Source material
=-=-=-=-=

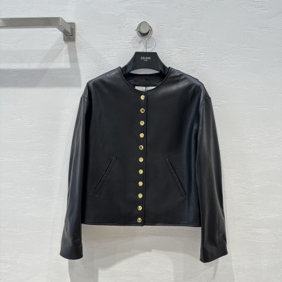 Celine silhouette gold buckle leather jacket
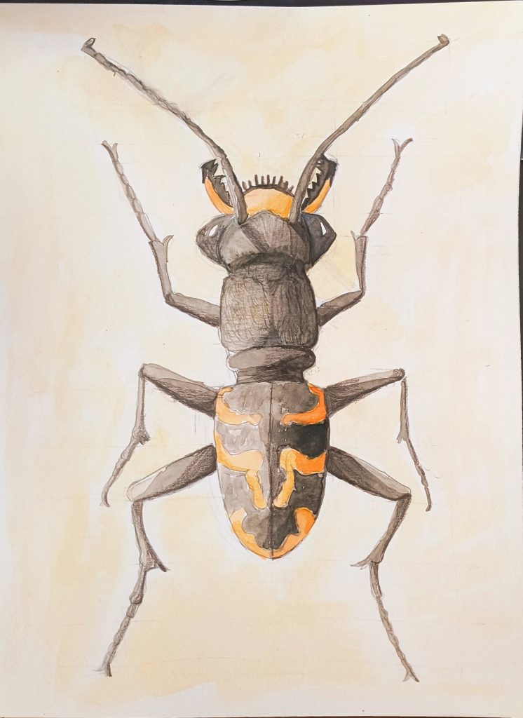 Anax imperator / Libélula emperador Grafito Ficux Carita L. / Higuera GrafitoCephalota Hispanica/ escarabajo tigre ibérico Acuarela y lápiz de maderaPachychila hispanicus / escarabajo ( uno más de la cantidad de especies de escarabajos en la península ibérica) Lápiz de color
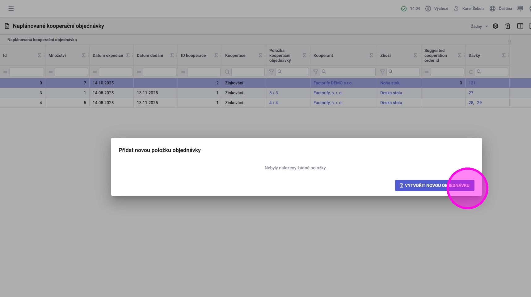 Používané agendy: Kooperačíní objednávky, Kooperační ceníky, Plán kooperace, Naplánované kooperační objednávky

=-=-=-=-=

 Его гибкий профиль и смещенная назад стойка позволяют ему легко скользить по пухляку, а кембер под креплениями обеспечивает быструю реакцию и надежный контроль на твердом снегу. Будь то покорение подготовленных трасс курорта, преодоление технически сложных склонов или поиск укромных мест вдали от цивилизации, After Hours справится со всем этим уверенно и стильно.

=-=-=-=-=

Prompt
Look through the material above. Transcribe exactly the lines between the ones with "Celine silhouette gold buckle leather jacket" and "Anax imperator /", inclusive, and keep pictures out.

Result for this task
 Celine silhouette gold buckle leather jacket
 Anax imperator / Libélula emperador Grafito Ficux Carita L. / Higuera GrafitoCephalota Hispanica/ escarabajo tigre ibérico Acuarela y lápiz de maderaPachychila hispanicus / escarabajo ( uno más de la cantidad de especies de escarabajos en la península ibérica) Lápiz de color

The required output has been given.